Gli angiomi rubino sono molto comuni e si presentano come lesioni vascolari rilevate, come papule di colore rosso vivo o violaceo, di dimensioni pari a circa 3 mm. Sono localizzati prevalentemente al tronco e sono asintomatici. Appaiono solitamente attorno ai 30 anni e possono aumentare di numero con l'avanzare dell'età. Non hanno alcun significato clinico e rappresentano esclusivamente un problema estetico.

Lo spider angioma (o nevus aracneus o spider teleangectasia) è una lesione molto frequente che si presenta come un insieme di capillari dilatati che si distribuiscono a raggiera a partire da una piccola arteria centrale (punto rosso centrale rilevato). Ha un diametro di circa 1,5cm ed è solitamente unico. La localizzazione più frequente è al viso, agli avambracci e alle mani. Le donne sono più colpite e può essere osservato in soggetti sani oppure in associazione a condizioni di iperestrogenismo, come la gravidanza, o in pazienti sottoposti a terapia con estrogeni (contraccettivi orali) o in pazienti affetti da epatite virale o cirrosi alcolica.

Trattamenti per eliminare gli angiomi:

  • Diatermocoagulazione
  • Laser CO2
  • Laser Capillari viso
  • Luce Intensa Pulsata Medicale

Il carcinoma basocellulare è un tumore cutaneo di natura epiteliale non melanoma e rappresenta la forma più comune di patologia tumorale che l'uomo possa sviluppare nel corso della sua esistenza. Nel 90% dei casi la causa principale è l’eccessiva e cronica esposizione al sole o ai raggi ultravioletti. Nel restante 10% le cause sono da ricercare nella condizione genetica (forma familiare) o nell’uso di trattamenti con farmaci immunosoppressori. Le aree cutanee fotoesposte (volto, orecchie, collo, cuoio capelluto e dorso) sono quelle interessate con maggior frequenza dalla neoplasia. È un tumore localmente invasivo, potenzialmente aggressivo e distruttivo, ma ha una limitata capacità di metastasi.

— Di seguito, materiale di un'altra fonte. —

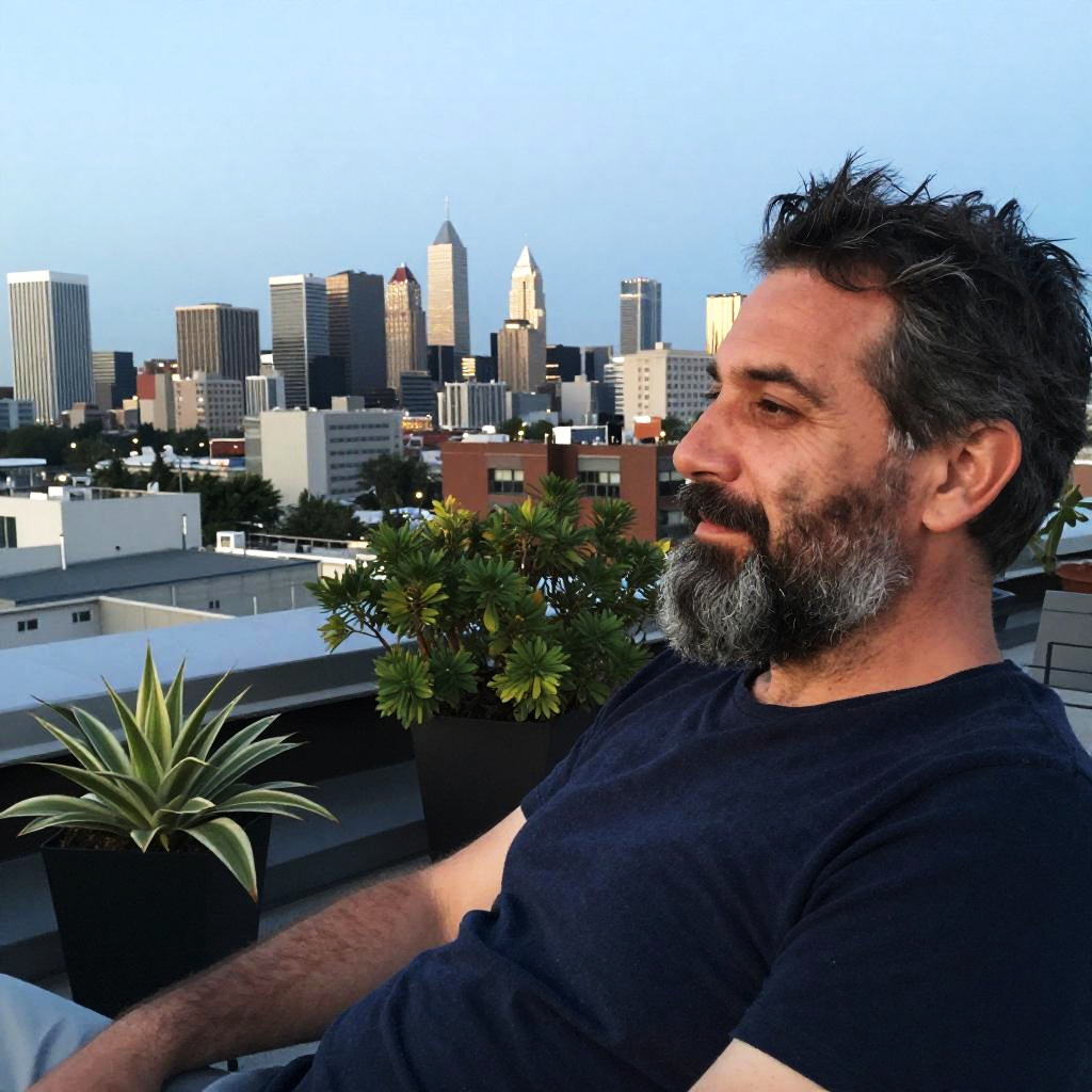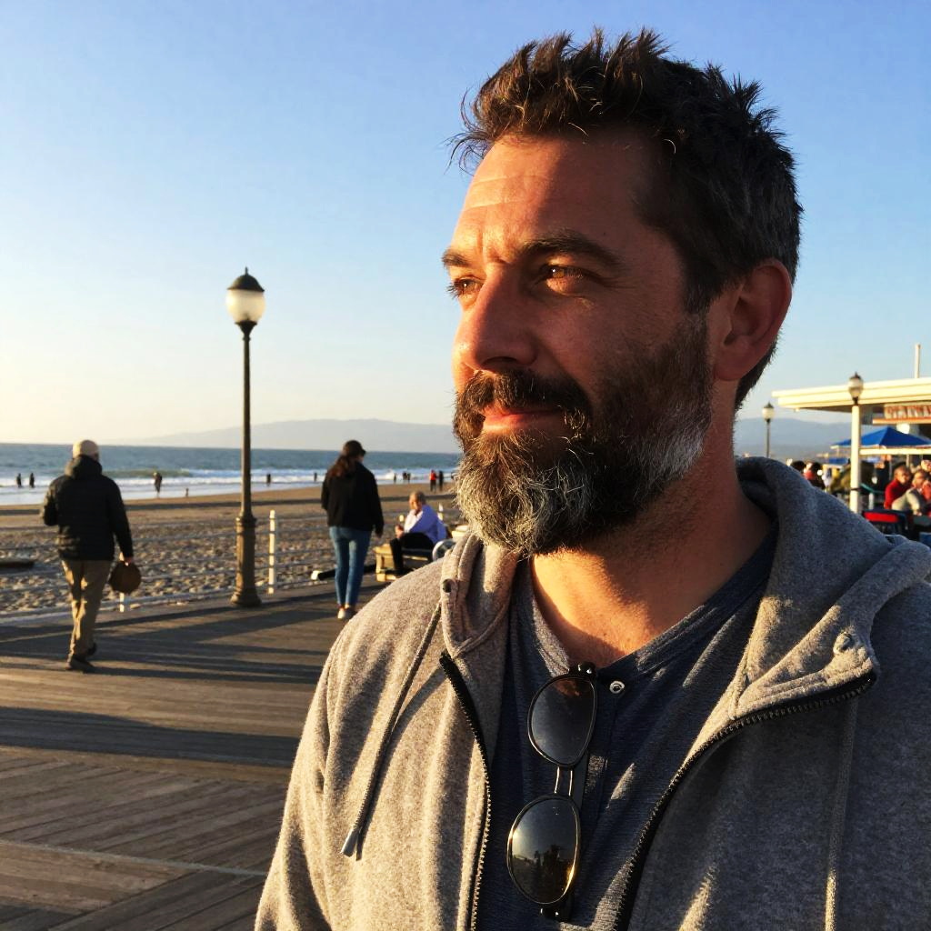 Candid portrait of a man with a salt and pepper beard and mustache, wearing a grey shirt, standing in a historic library interior. Warm lamplight softly illuminates the wooden bookshelves filled with old books in the background. The man has a relaxed demeanor and light-colored eyes.

Esistono cinque forme cliniche di carcinoma basocellulare: nodulare, ulcerativo, sclerodermiforme (cicatriziale), superficiale e pigmentato. La diagnosi corretta è posta clinicamente da un dermatologo esperto e confermata istologicamente, se necessario. Un’altro esame diagnostico semplice, rapido e poco costoso è l’esame citologico che può essere di notevole ausilio nella diagnosi differenziale con altre neoformazioni cutanee. La sua applicazione negli epiteliomi basocellulari è caratterizzata da notevole sensibilità e specificità.

Trattamenti per eliminare i basaliomi (da valutare in base alla forma clinica e alla sede della lesione):

  • Terapia Fotodinamica (PDT)
  • Asportazione chirurgica
  • Chirurgia Micrografica di Mohs
  • Crioterapia
  • Radioterapia
  • Chemioterapia locale

La cheratosi attinica o cheratosi solare è una lesione precancerosa dovuta ad un'eccessiva e cronica esposizione solare o ai raggi ultravioletti e che rappresenta il primo passo nello sviluppo del cancro della pelle non melanoma. Si manifesta come lesioni singole o multiple, distinte, secche, ruvide, con squame aderenti, del colore della cute normale, giallastre o brune, che compaiono nelle sedi cutanee abitualmente fotoesposte (volto, orecchie, testa, collo, dorso delle mani, avambracci e labbra), sopratutto negli individui di pelle chiara.

Trattamento ideale per la Cheratosi Attinica:

  • Terapia Fotodinamica (PDT)

malattia della pelle: la Cheratosi SeborroicaLa cheratosi seborroica (conosciuta come verruca seborroica, anche se il termine è confondente, poiché non è contagiosa come la verruca virale) si tratta di una crescita anormale dell'epidermide, che si manifesta come una lesione brunastra o grigiastra, più o meno rilevata sul piano della cute, dalla superficie verrucosa e ruvida, a volte desquamante. Tendono a crescere nel tempo e raramente possono provocare prurito. Compaiono solitamente dopo i 30 anni e possono essere isolate o diffuse, soprattutto al tronco e al volto. A volte, per le loro dimensioni ed aspetto, preoccupano il paziente.

Le cause della sua comparsa sono sconosciute, ma esiste una familiarità anche per il loro numero e la loro localizzazione. Non vi sono correlazioni con l'esposizione solare.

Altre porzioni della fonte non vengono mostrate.